----- Supplied records -----

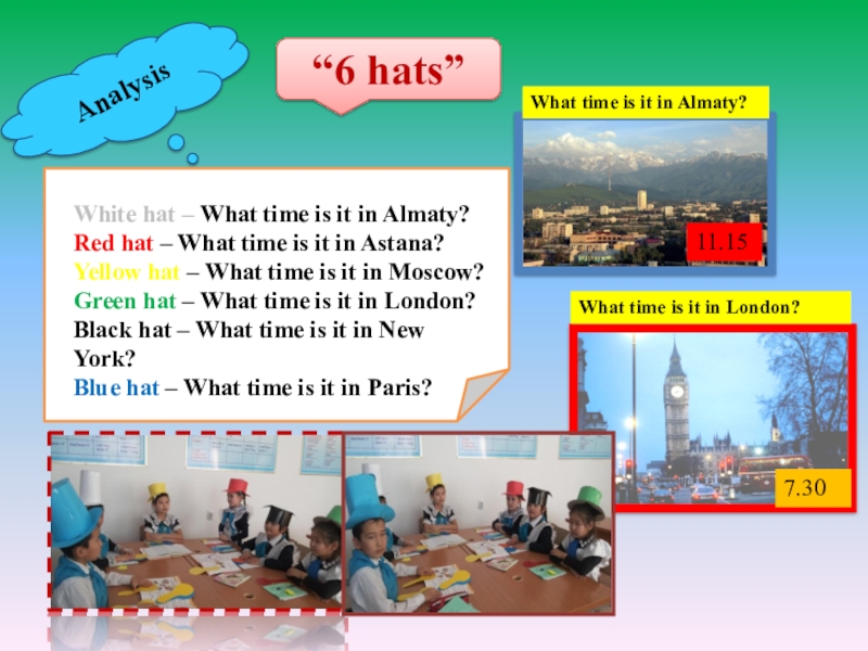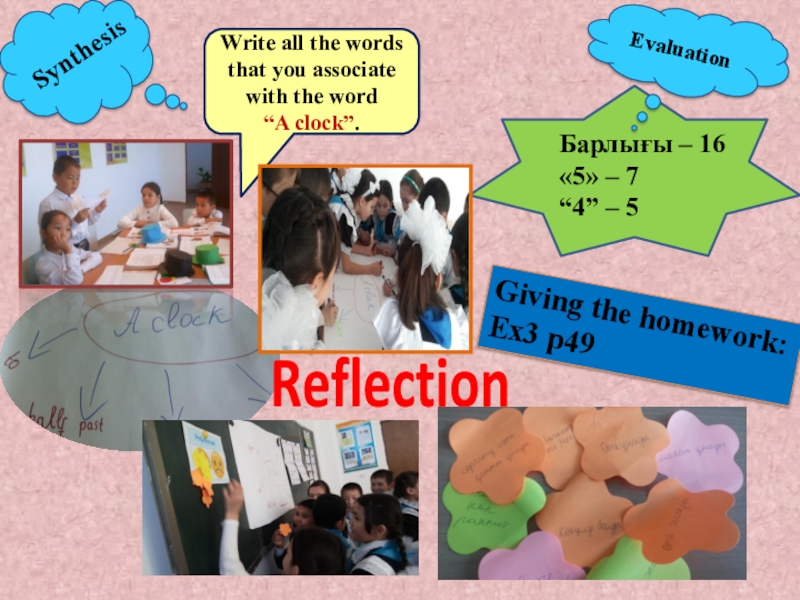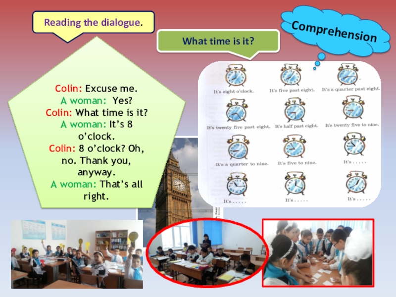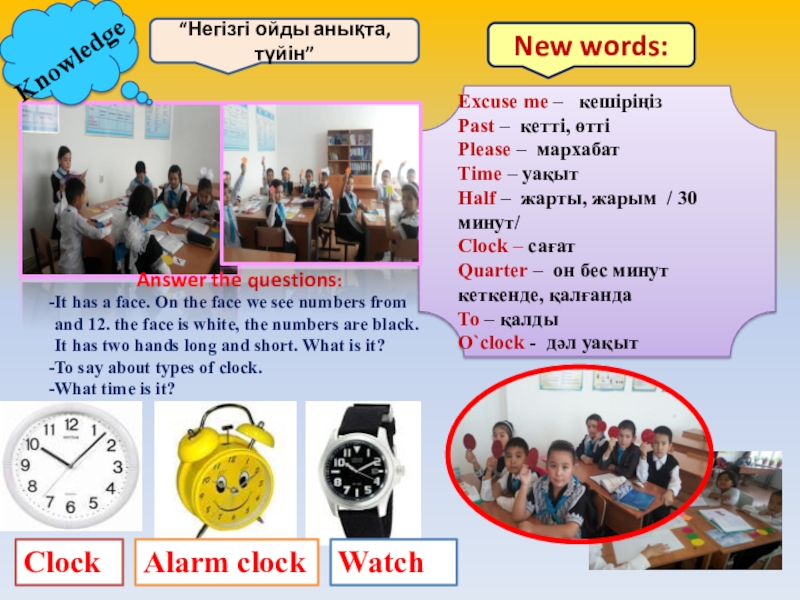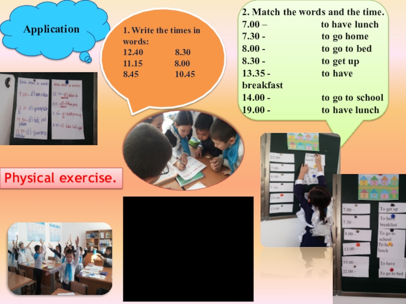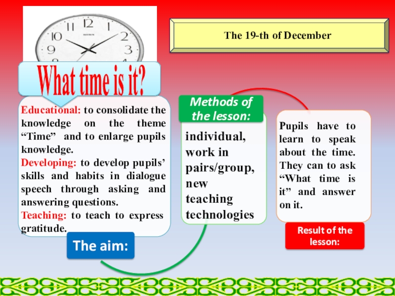 Pupils have to learn to speak about the time. They can to ask “What time is it” and answer on it.
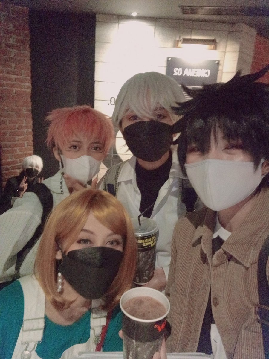 Team 3 + Inumaki -senpai ready to watching JJK0 #JujutsuKaisen #megumifushiguro #nobarakugisaki #Itadoriyuuji #inumakitoge #GojoSatoru #cosplay
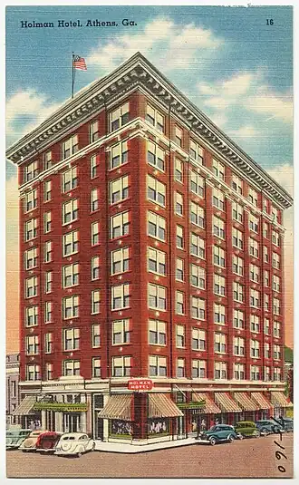 The Bank of America Building, formerly known as the Holman Hotel, is a commercial and financial building in Athens, Georgia. It is the tallest building in the city with 10 floors. The building was originally designed as an office building, but it was later converted for hotel use, and again in the 1960s it was remodeled in the Colonial revival style for banking purposes.[3] Inside the building, fire insurance maps show that the building, not including the penthouse, has a height of 120 feet.[4] It is also the official headquarters for Bank of America for the Athens area.
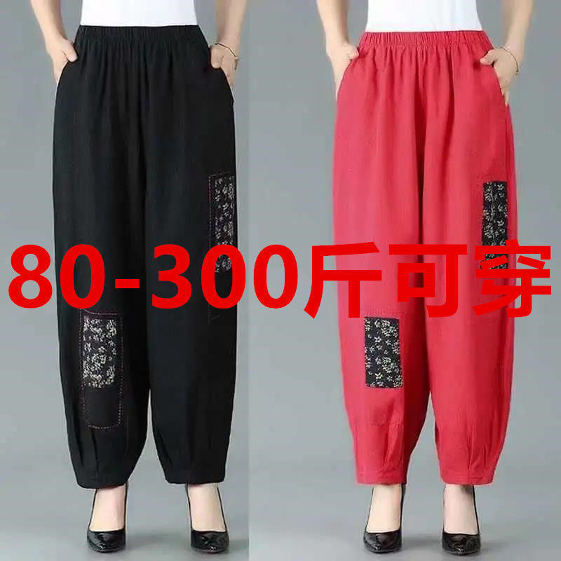 حجم غريب الدهون 300 كجم ارتفاع الخصر سروال جديد المرأة الصيف منتصف العمر وكبار السن العرقية نمط غير رسمي سراويلي حريمي النساء
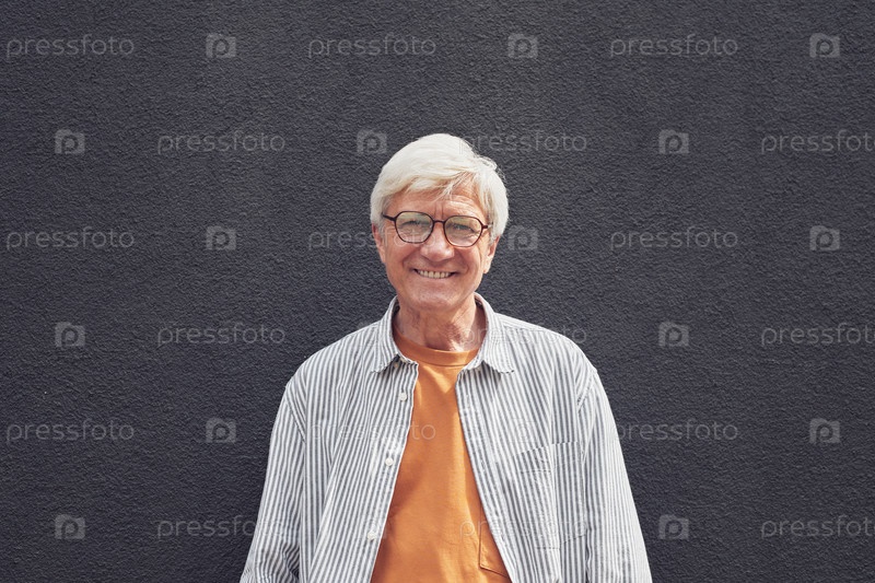 Портрет современного зрелого мужчины на сером

-----

Task requirements:
From the opening line of the entries, copy each line exactly until the line with "Team 3 + Inumaki", which is copied as well; leave out pictures.

Task response:
 Pupils have to learn to speak about the time. They can to ask “What time is it” and answer on it.
 Team 3 + Inumaki -senpai ready to watching JJK0 #JujutsuKaisen #megumifushiguro #nobarakugisaki #Itadoriyuuji #inumakitoge #GojoSatoru #cosplay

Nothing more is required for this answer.